Extension of linearly independent set to a basis of a free module over a quotient of a Dedekind domain

Question

Let $A$ be a Dedekind domain and a non-zero ideal $N$; we consider the commutative ring $R = A/N$.

Let $S$ be a linearly independent subset of $R^m$. Can $S$ necessarily be extended to a basis of $R^m$?

Answer 1

Yes (and the assumption that $R$ is finite is unnecessary; you just need $N$ to be a nonzero ideal). Factoring $N$ into prime ideals as $\prod P_i^{d_i}$, the Chinese remainder theorem gives $R\cong \prod A/P_i^{d_i}$. Working on each coordinate separately, we may thus assume that $N=P^d$ for some prime $P$. We can then localize at $P$ and assume $A$ is a DVR with maximal ideal $P$ generated by a uniformizer $p$ and $R=A/P^d$.

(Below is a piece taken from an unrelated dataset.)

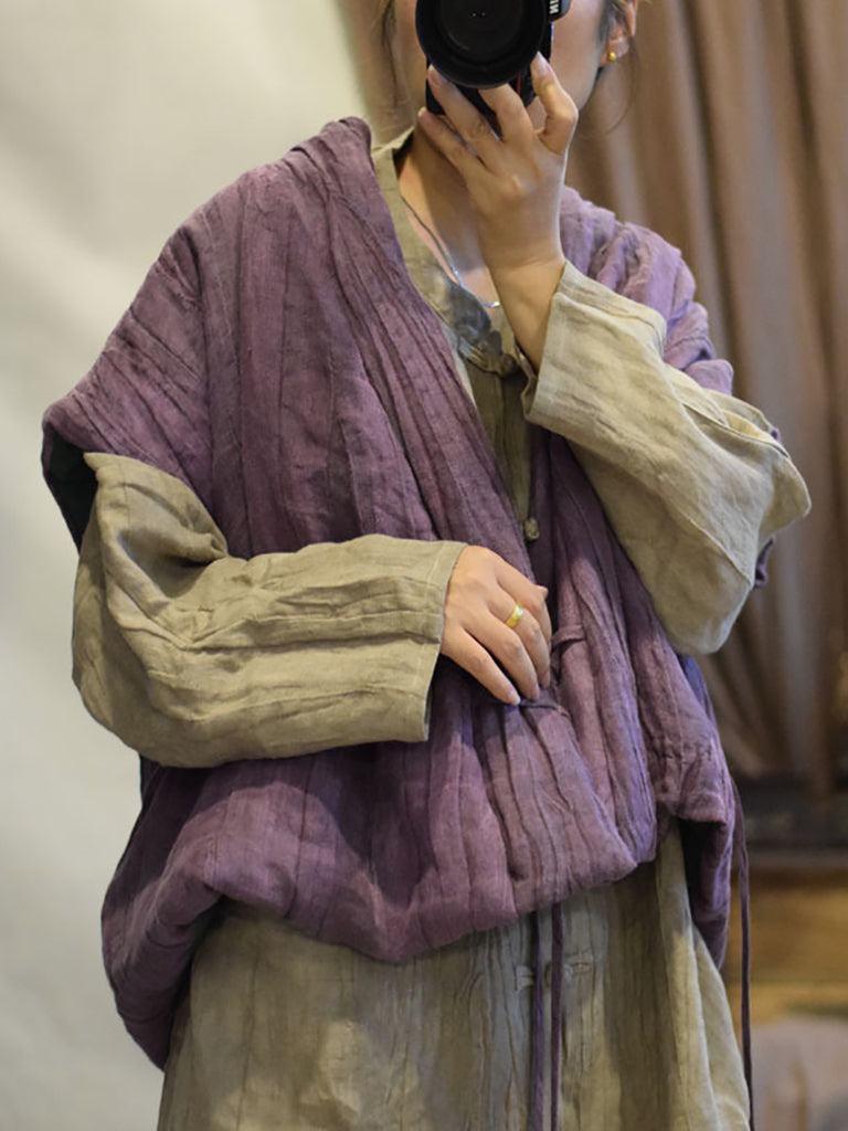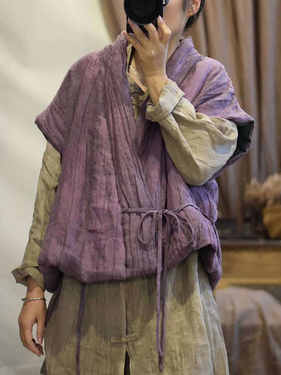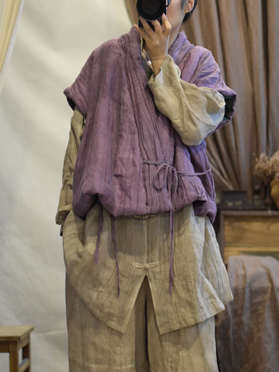 Cappotto da donna in gilet di lino solido vintage retrò con scollo a V
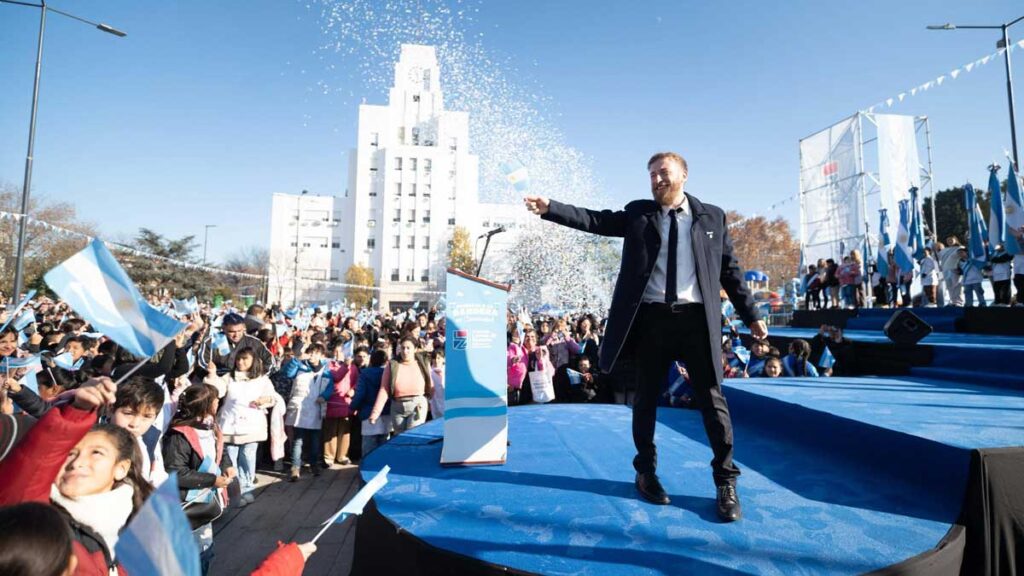 Durante su discurso, el intendente convocó a los chicos y chicas a “amar la Bandera como hijos de la Patria”, y afirmó que “ser belgranianos es ser buenos compañeros, amigos y hermanos, tratándonos bien y cuidando esta tierra de personas solidarias, patriotas y valientes”.

Now I claim that the linearly independent set $S$ remains linearly independent over $R/P$ in the quotient $(R/P)^m$. Indeed, a linear relation mod $P$ would give scalars $c_s\in R$ such that $\sum_{s\in S} c_ss \in P$ but $c_s\not\in P$ for some $s$. This just means that $\sum c_s s$ is divisible by $p$, and thus is annihilated by $p^{d-1}$. That is, $\sum p^{d-1}c_ss=0$. But this is a nontrivial relation among the elements of $S$, since some $c_s$ is not in $P$ and thus $p^{d-1}c_s$ is nonzero for that $s$.

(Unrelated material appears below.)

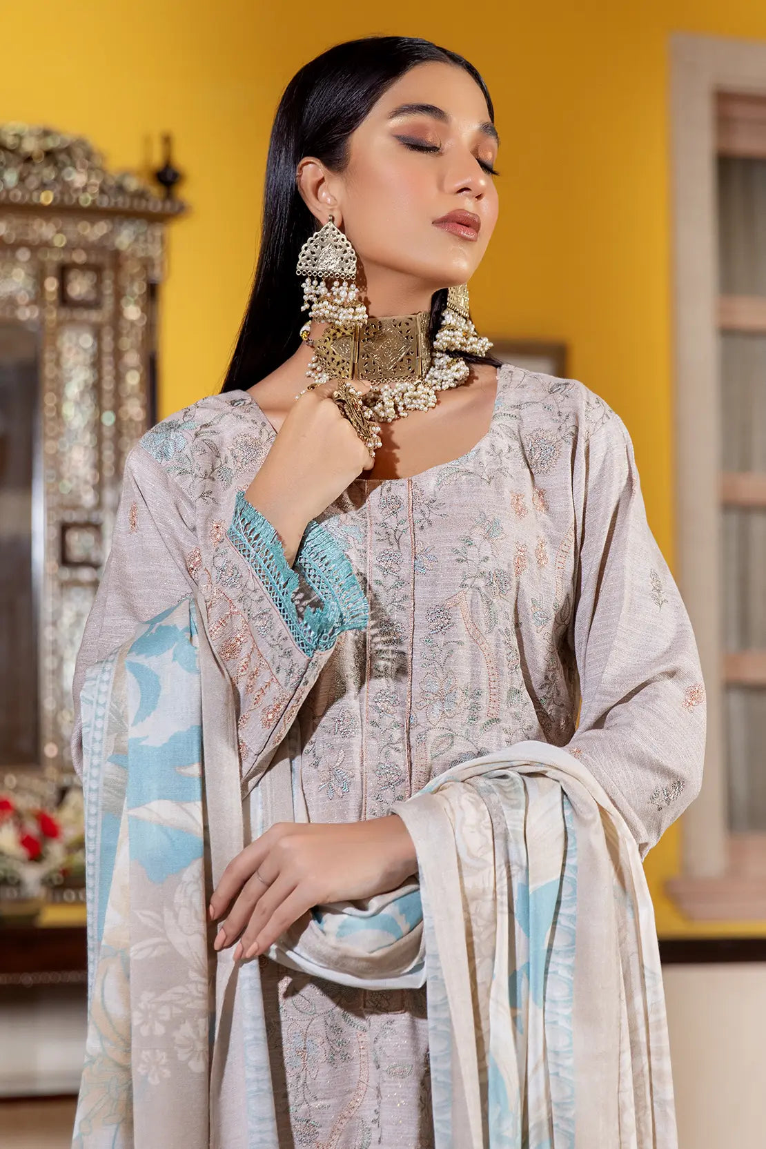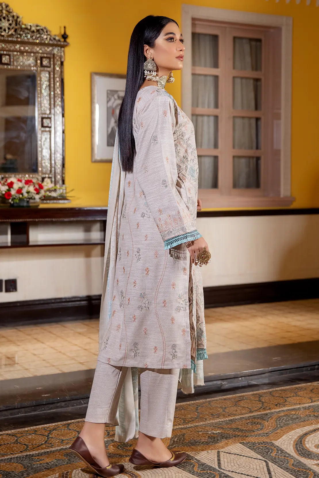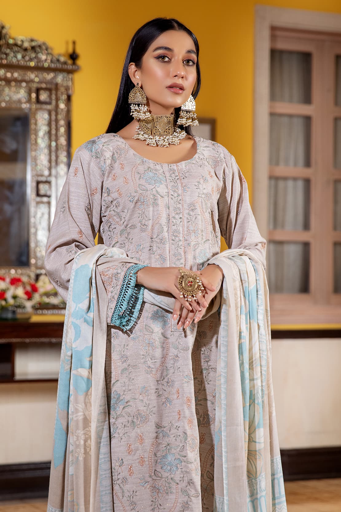 3 Piece – Luxury Embroidered Slub Zari Peach – 406
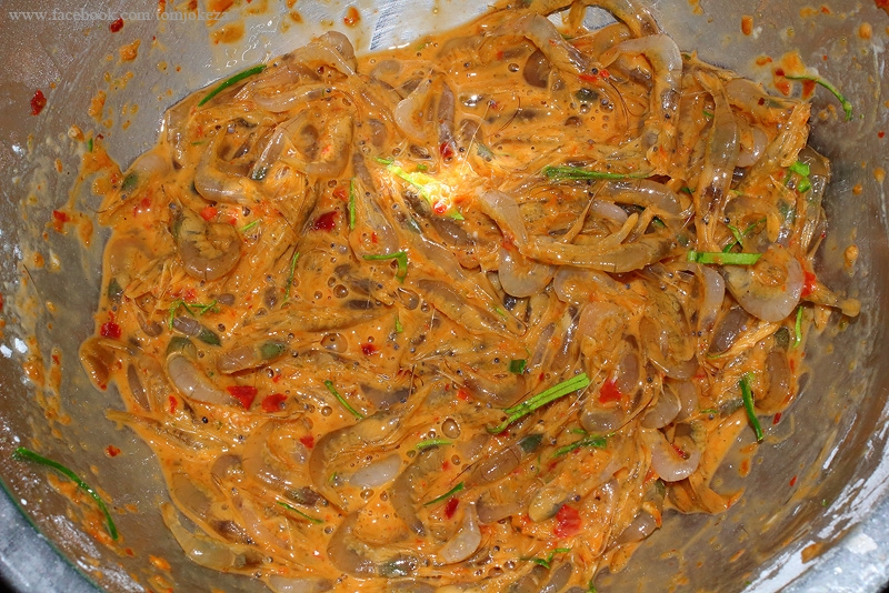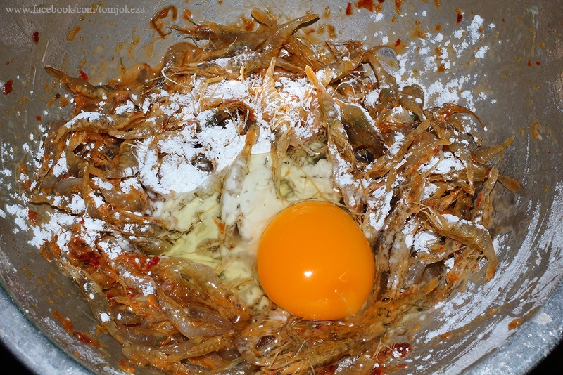 3.นำ กุ้ง ไข่ไก่ พริกแกงเผ็ด แป้งข้าวโ พ ด มาผสมกันในถ้วยให้เข้ากัน สูตรนี้ไม่ได้ใส่น้ำป ล าเพิ่มเนื่องจาก

We can thus extend $S$ to a set $T$ whose image mod $P$ is a basis for the vector space $(R/P)^m$ over $R/P$. By Nakayama, $T$ generates $R^m$, and thus is a basis since it has $m$ elements (it induces a surjective homomorphism $R^m\to R^m$ which is then automatically an isomorphism; see Surjective endomorphisms of finitely generated modules are isomorphisms though there are simpler arguments you can give in this case since $R$ is Noetherian and even Artinian).